Большинство китайцев и сингапурцев похожи в восприятии режимов своих стран как демократических и в выражении удовлетворенности их эффективностью. Помимо верности конфуцианским ценностям политической стабильности, они предпочитают нелиберальную и авторитарную модель правления либеральной и демократической. Исходя из этого очевидно, что граждане обеих стран требуют именно столько демократии, сколько им предлагают элиты. Оказавшись в ловушке равновесия низкого уровня демократического предложения и спроса, демократические изменения политических режимов в краткосрочном периоде представляются маловероятными.
23.4. Ключевые положения
•
Даже после двух десятилетий экспериментов с выборами на местном уровне Китай по-прежнему находится на ранней стадии политической либерализации.•
В Китае сегодня сложилось равновесие между низким уровнем спроса на демократию среди населения и низким предложением демократии со стороны элиты.•
В Сингапуре, одном из самых богатых недемократических государств мира, также существует равновесие между низким спросом на демократию и низким предложением.•
Продолжительное существование ловушки равновесия создает серьезные препятствия для демократических изменений в этих странах.Заключение
В главе рассмотрено участие Восточной Азии в глобальной волне демократизации. За прошедшие два десятилетия конца XX и начала XXI в. она превратила семь из тринадцати автократий региона в демократии. Два режима из этих семи вернулись усилиями военных к автократии. Несмотря на избрание гражданского правительства в одном из них 27 декабря 2007 г. (Таиланд) в регионе остается больше автократий, чем демократий. В группу авторитарных режимов входит крупнейшая по численности страна – Китай – ядро конфуцианской цивилизации. В свете медленного темпа и ограниченности демократических режимных изменений в регионе справедливо утверждать, что здесь не было подлинного общерегионального движения к демократии. Также можно заключить, что наряду с Северной Африкой и Ближним Востоком Восточная Азия остается регионом, достаточно устойчивым к глобальной волне демократизации. В целом демократизация в Восточной Азии более походила на приливы и отливы, чем на большую волну. Более того, главным образом потому, что граждане стран Восточной Азии и их политические лидеры находятся в ловушке равновесия низких уровней спроса и предложения демократии, ближайшие перспективы дальнейшей демократизации авторитарных режимов весьма призрачны.

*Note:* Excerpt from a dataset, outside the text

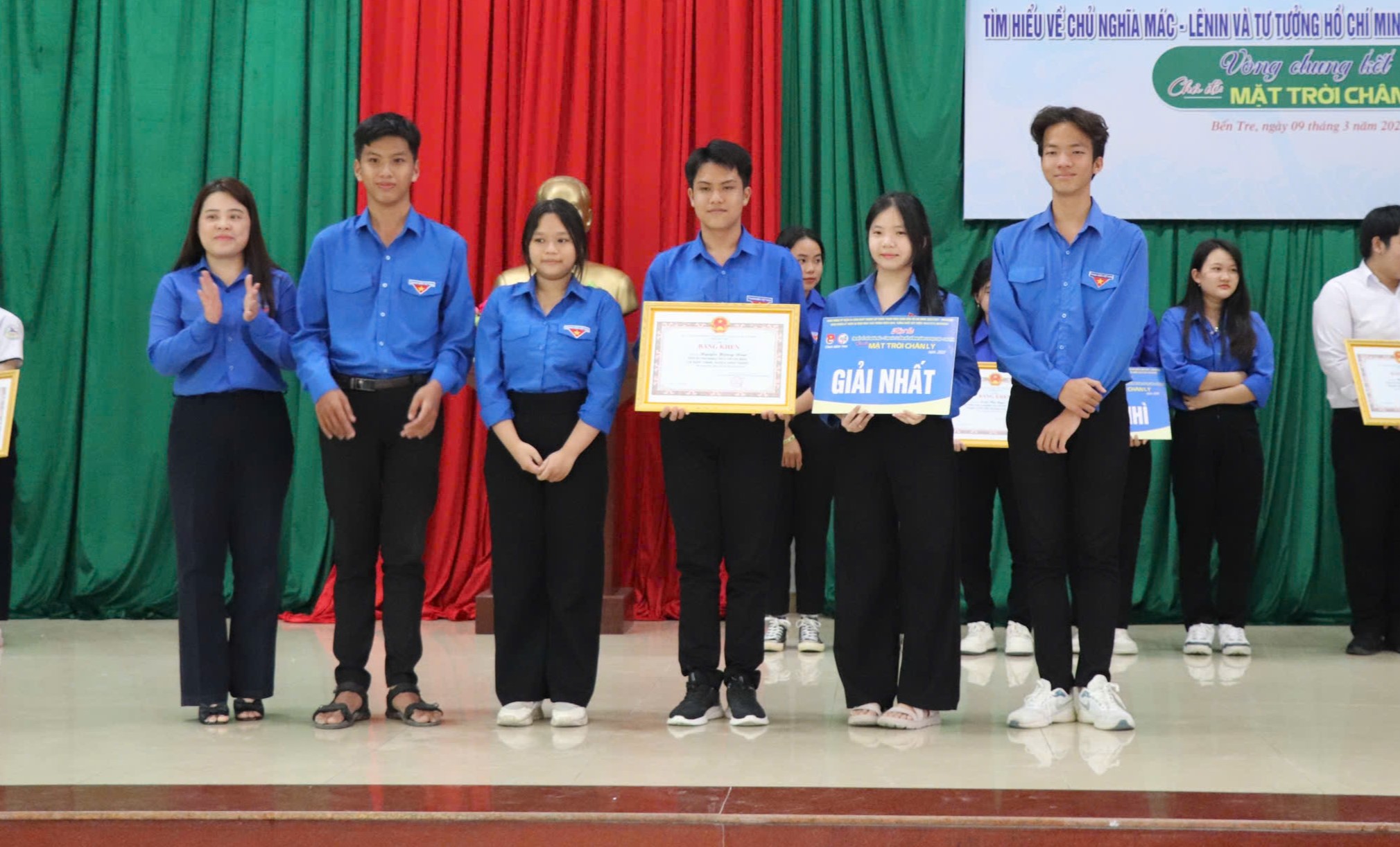 Đồng chí Võ Thị Phương Diệu, Phó Bí thư Tỉnh đoàn, Chủ tịch Hội đồng Đội tỉnh trao giải Nhất dành cho đội dự thi đơn vị huyện Chợ Lách

Почему же экономически быстро развивающийся регион остается с «проклятым» дефицитом демократии? Известные теории демократических транзитов не помогают разгадать эту головоломку. Так, теория модернизации и культурологический подход не могут объяснить, почему Южная Корея и Тайвань успешно перешли к демократии, а Сингапур и Малайзия не смогли это сделать. Подобным же образом исторический опыт режимов не объясняет, почему Монголия присоединилась к глобальной волне, а Китай, Северная Корея и Вьетнам – нет. Теория диффузии не объясняет, почему Индонезия и Монголия стали либеральными демократиями, а соседняя Малайзия и Китай не стали даже электоральными. Внутренние контекстуальные факторы, которые способствовали демократическому транзиту в других регионах, бесспорно, не дают возможности разгадать загадку необходимого набора факторов для демократии в Восточной Азии.